The dollar fell to a one-year low against a basket of currencies this morning after Chinese data came in stronger than expected and added to economic recovery hopes, prompting investors to keep shifting funds to riskier and growth-linked currencies.
The dollar dropped to a seven-month low against the yen and a one-year trough versus the New Zealand dollar. Broad selling of the greenback also lifted the euro to a fresh 2009 high.
The Australian dollar erased earlier losses and gained versus the US dollar after data showed China's industrial output expanded in August at the fastest rate in 12 months, slightly topping forecasts and showing that it was well on the road to recovery.
Traders said pressure in the market to sell the U.S dollar was already strong on improving economic data and company earnings from the United States on today, even before the Chinese data boosted risk-seeking sentiment.
"The pressure to sell the dollar is very strong and people are not questioning holding dollar short positions," said a trader for a Japanese trust bank.

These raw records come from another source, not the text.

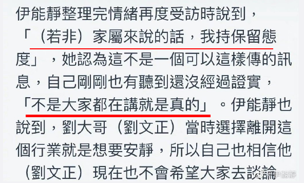 不過伊能靜還比較有理智,哭完冷靜下來又表示自己之前沒聽過這個消息,如果消息不是劉文正親屬發出的,自己保留態度,不是說的人多就是真的。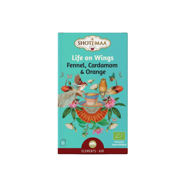Prøv Fennikel, Kardemomme & Appelsin Urtete ØKO – en økologisk te der tradisjon møter harmoni i hver kopp. Denne unike blandingen, "Shoti Maa Life on Wings", kombinerer fennikel, kardemomme og appelsin for en smakfull og inspirerende opplevelse. Shoti Maa, et familieeid selskap med røtter i ayurvedisk kunnskap og økologisk teproduksjon siden 2008, byr her på en urte­te som inviterer til ro og nytelse.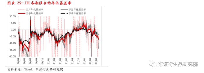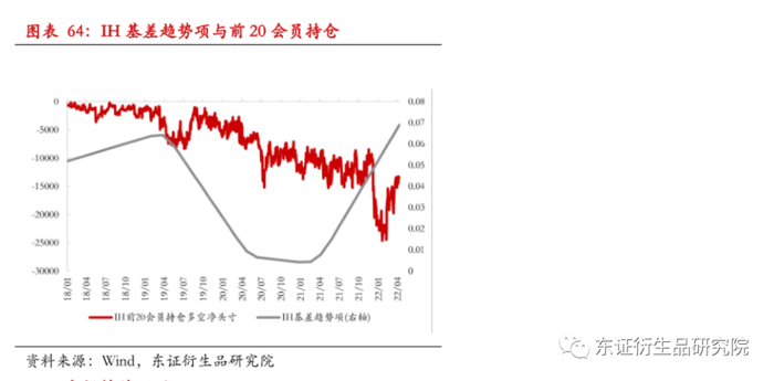(1)上证50指数成分股以大盘蓝筹为主,选股的alpha收益有限,因此IH空头套保需求最小,基差也是贴水幅度最小的,空头对冲成本最低,打新策略常常使用IH来对冲底仓,导致IH主要的空头对冲需求不是来自于中性策略,而是打新策略,因此IH的贴水程度往往与打新收益挂钩;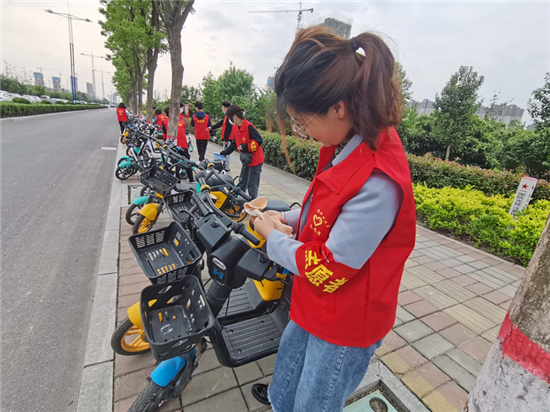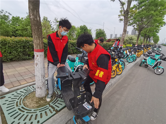 當(dāng)天上午,由河南科技職業(yè)大學(xué)志愿者組成的綠色低碳騎行隊伍,從河南科技職業(yè)大學(xué)正門出發(fā)騎行,用實際行動宣傳愛護地球、倡導(dǎo)綠色騎行的理念。騎行結(jié)束后,志愿者們組成宣傳引導(dǎo)隊伍,走上大街,引導(dǎo)、糾正共享單車規(guī)范停放,對不規(guī)范停放的共享單車進行整齊擺放,清理共享單車上亂張貼的小廣告,繼續(xù)開啟當(dāng)日第二場共享單車宣傳引導(dǎo)志愿服務(wù)活動。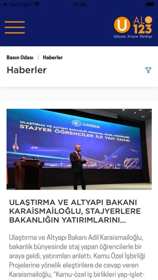 ALO 123, Ulaştırma ve Altyapı Bakanlığının bünyesindeki kurum ve kuruluşların vatandaşlarımıza yönelik hizmetlerini tek çatı altında toplayan erişilebilir ve ulaşılabilir bir mobil uygulamasıdır.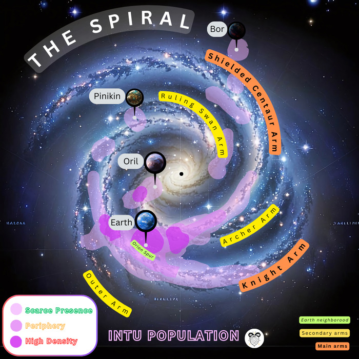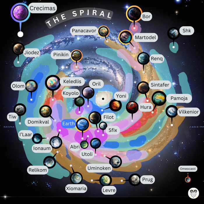 Here are some of my own maps from the galaxy I’m writing about, called The Spiral. They show the main regions, the spread of its civilizations, and all the known (and unknown) worlds scattered across it.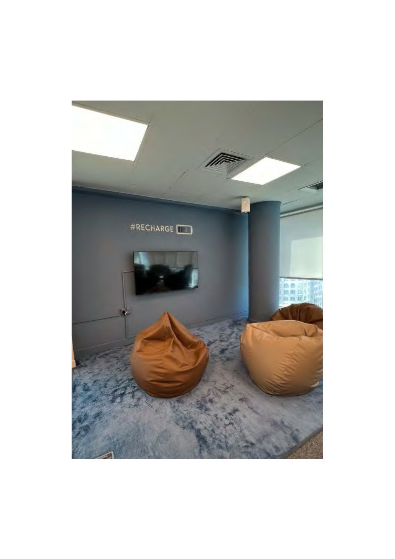 Warm wood finishes, soft seating, and bold brand graphics give the space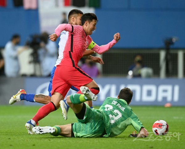 6일 대전월드컵경기장에서 열린 한국축구대표팀과 칠레의 평가전에서 한국 손흥민이 칠레의 수비를 뚫고 공격하고 있다.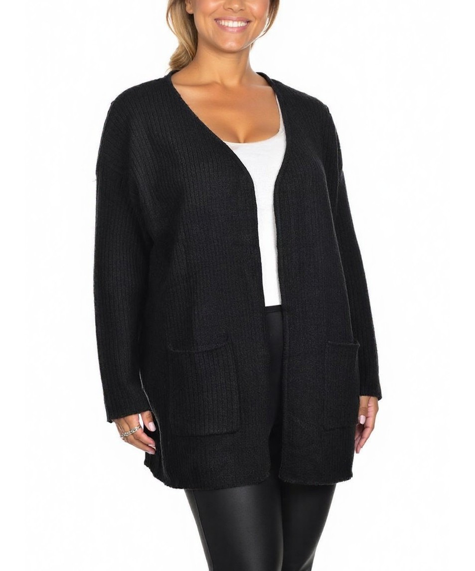 Черна дамска жилетка с отворен преден край, дълъг силует и джобове. Мека, плетена структура, свободна кройка за комфорт и стил. Универсална за ежедневно и официално облекло. Комфортна, лесна за поддръжка.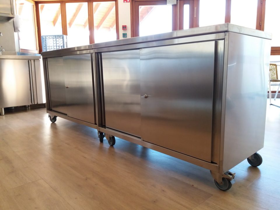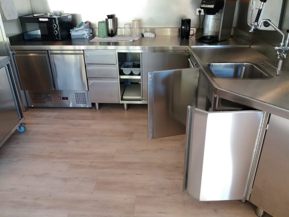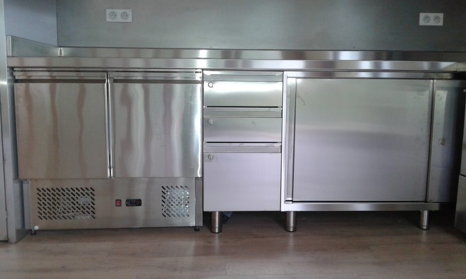 Les plans de travail et mobilier inox sont aussi présents à tous les postes de la cuisine. Ils doivent être robustes, pratiques et faciles à nettoyer.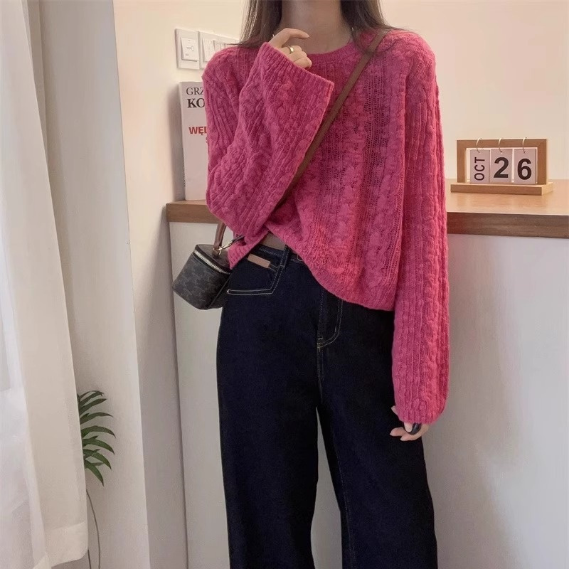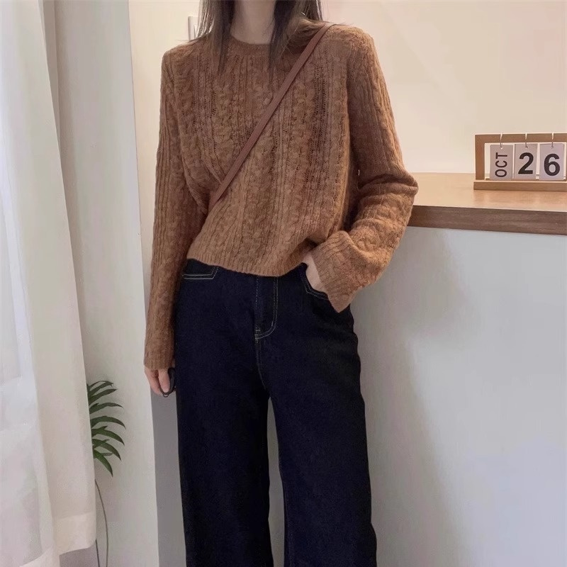 云朵纯色麻花羊毛针织衫女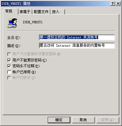 在彈出的“新用戶”對話框中根據實際需要輸入“用戶名”、“全名”、“描述”、“密碼”、“確認密碼”,并將“用戶下次登錄時須更改密碼” 前的對號去掉,選中“用戶不能更改密碼”和“密碼永不過期”。本例是給第一虛擬主機的用戶建立一個匿名訪問 Internet 信息服務的內置帳號“IUSR_VHOST1”,即:所有客戶端使用 http://xxx.xxx.xxxx/ 訪問此虛擬主機時,都是以這個身份來訪問的。輸入完成后點“創建”即可??梢愿鶕嶋H需要,創建多個用戶,創建完畢后點“關閉”:

The dollar index, a gauge of the greenback's performance against six other major currencies, fell as low as 76.548, its lowest since September 2008, before trading at 76.573, down 0.2 per cent on the day.
The dollar dropped as low as 91.13 yen on trading platform EBS.
Traders said dollar buying seen as coming from options desks looking to hedge their books which have exposure to options triggers crowded towards 90 yen are slowing the dollar's fall versus the yen.
"Financial markets overall are staying calm (about the dollar's recent weakness) as stocks are firmer and there was solid demand for U.S. Treasury auctions this week," said Kosuke Hanao, head of treasury products sales at HSBC.
He said market participants will likely take the dollar's softening in stride as long as its pace is only gradual, but that there were concerns how far the greenback will weaken.